The Indian rupee posted its biggest single-day gain in more than eight months on Friday amid heavy dollar inflows and a sharp rally in domestic equity markets to fresh record highs.
The rupee ended at 83 against the U.S. dollar, up 0.4% on the day, its best single-day performance since April 5.
The local unit logged its biggest weekly gain since Aug. 25, rising 0.4%.
Dollar sales from large foreign banks, likely on behalf of custodian clients, helped the rupee gain on Friday, traders said.
Benchmark Indian equity indexes, the Nifty 50 and BSE Sensex closed higher by 1.29% and 1.37%, respectively.
Overseas investors have bought Indian equities worth $5.1 billion in December so far, marking the strongest month of equity inflows since July.
While the rupee’s initial gain was driven by dollar inflows, it was further magnified by the squaring of speculative positions, a foreign exchange trader at a state-run bank said.
Equity inflows related to the rebalancing of FTSE’s Emerging All Cap index also helped the rupee, the trader added.
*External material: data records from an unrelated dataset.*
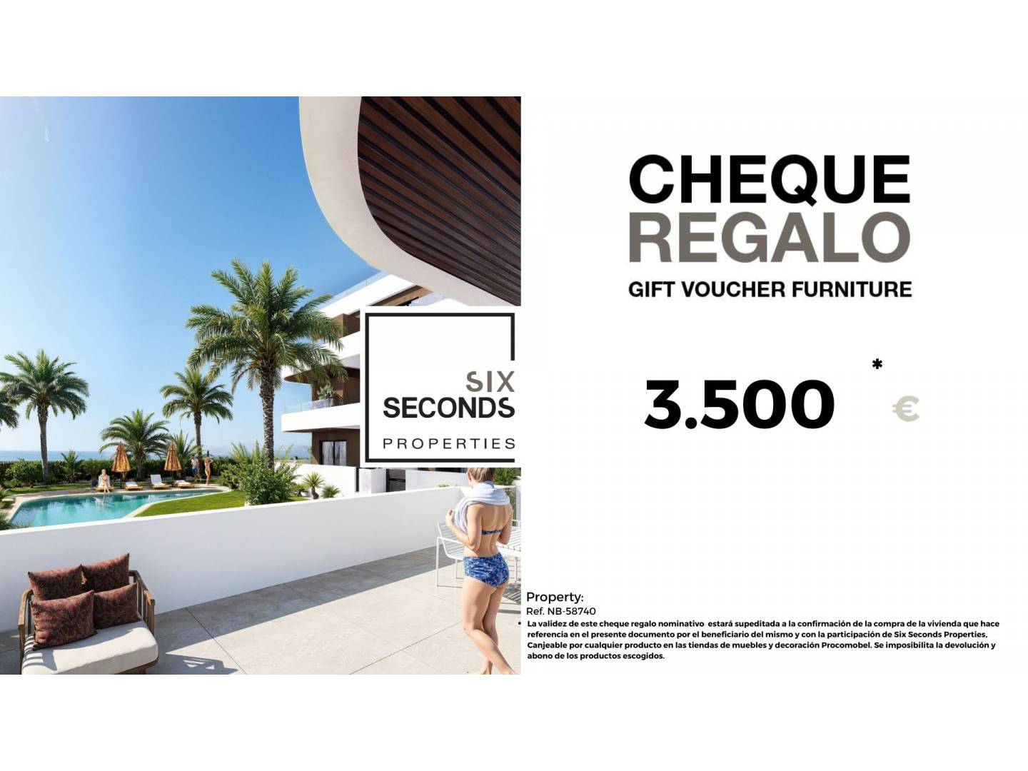 En Six Seconds Properties te ayudamos a convertir tu nueva propiedad en la casa de tus sueños, regalándote un cheque regalo en mobiliario por una cantidad de 3.500€ y una visita técnica de la vivienda, donde nuestro equipo técnico te aconsejará sobre las posibilidades de mejora de la vivienda. Totalmente gratis !!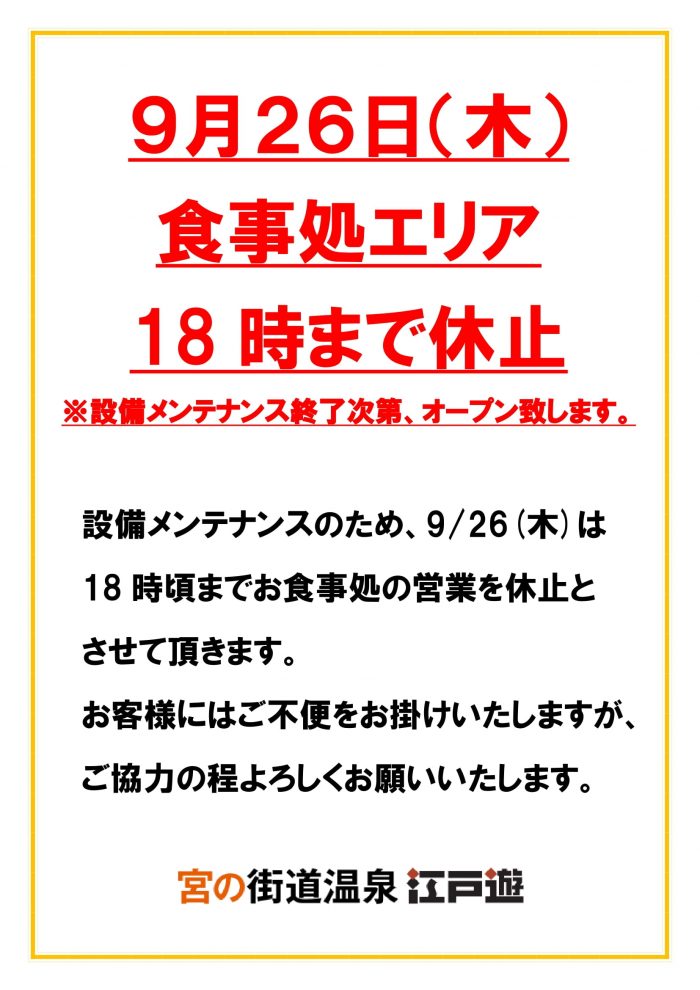 9/26(木)お食事処 18時頃まで営業休止のお知らせ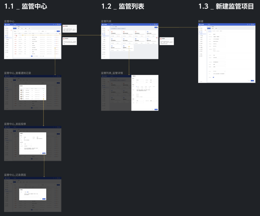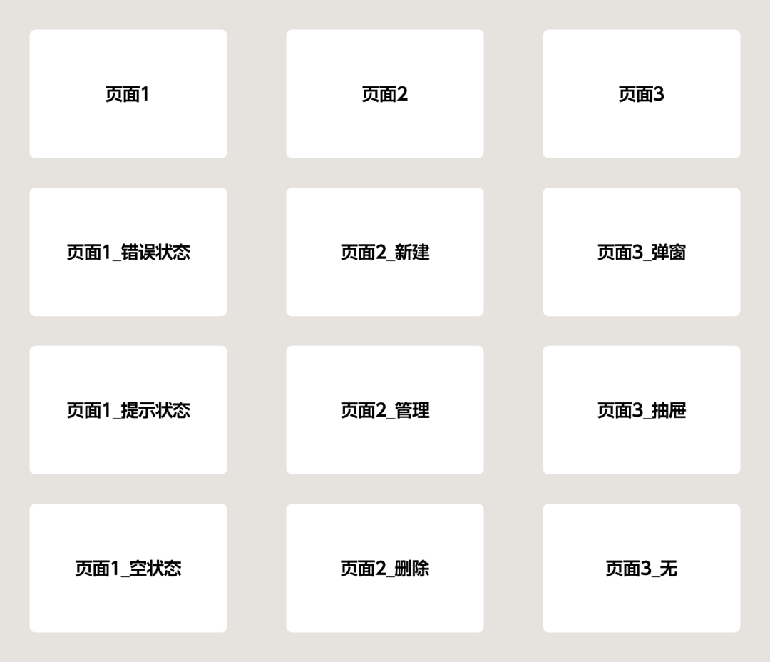排列頁(yè)面時(shí),也需要具有一定的邏輯,橫向一般表示不同的頁(yè)面,縱向表示同一個(gè)頁(yè)面的事件和狀態(tài)。并且橫豎間距盡量保持統(tǒng)一,建議左右不低于 800px,上下不低于200px 的間隔,這樣即不影響后續(xù)添加說(shuō)明,也不影響前端查看頁(yè)面時(shí)被其它頁(yè)面干擾。

India’s merchandise trade deficit narrowed in November to $20.58 billion, down sharply from $31.46 billion in October, according to data released by the government on Friday.
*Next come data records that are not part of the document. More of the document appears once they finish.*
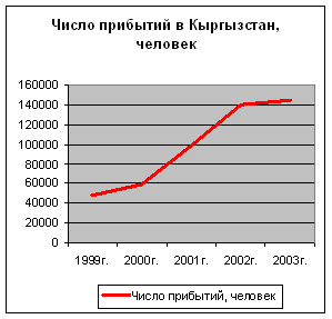 Прибывающих в Кыргызстан туристов можно разделить на туристов из стран СНГ и туристов из стран вне СНГ. Так в 2002 году Кыргызскую Республику посетило 80,5 тыс. граждан из 11 стран СНГ и 59,1 тыс. граждан из 118 стран мира. Таким образом, в 2002 году число прибытий составило 139589 человек.[25]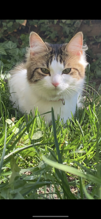 drobna mloda kotka, dlugi, delikatyny wlos. Typ norweski lesny. 3 kolorowa, przewaga koloru bialego i ciemnego brazu, nie ma zadnych charakterystycznych plamek. dlugi puszysty ogon. Dafne karmila nie dawno kocieta wiec moze miec powiekszone sutki, niewysterylizowana. dlugie wlosy wystaja z uszu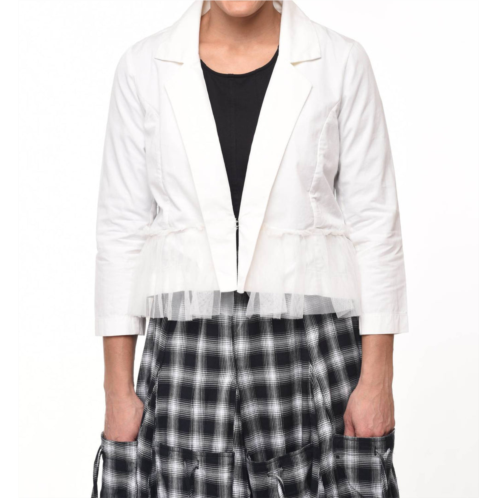 Cute, casual, and comfortable. This jacket is a must have.Introducing the Julianna Jacket by Tulip Clothing, a chic piece for those seeking quiet luxury. This casual, three-quarter sleeve jacket in ivory twill features a collared neckline with elegant princess seams and mesh embellishments. Made from 100% Cotton Twill, it offers a perfect fit across sizes with garment lengths varying from 20' to 22.5'. Closure - Hook and eye closure. Perfect for an evening event or a stylish New Year's Eve look.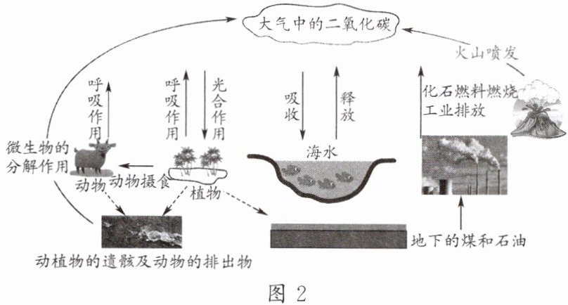 (2)观察图 2,基于“碳循环”视角,实现碳中和可以从两方面进行:①减少二氧化碳的排放;②

“We expect the rally in the rupee could further move towards 82.70 to 82.75 in the coming days,” Dilip Parmar, a foreign exchange research analyst at HDFC Securities said.
Most Asian currencies were steady while the dollar index inched up to 102 in Asia hours.
While the rupee has broadly underperformed its key Asian peers amid weakness in the U.S. dollar, the Indian currency was the best performer on Friday.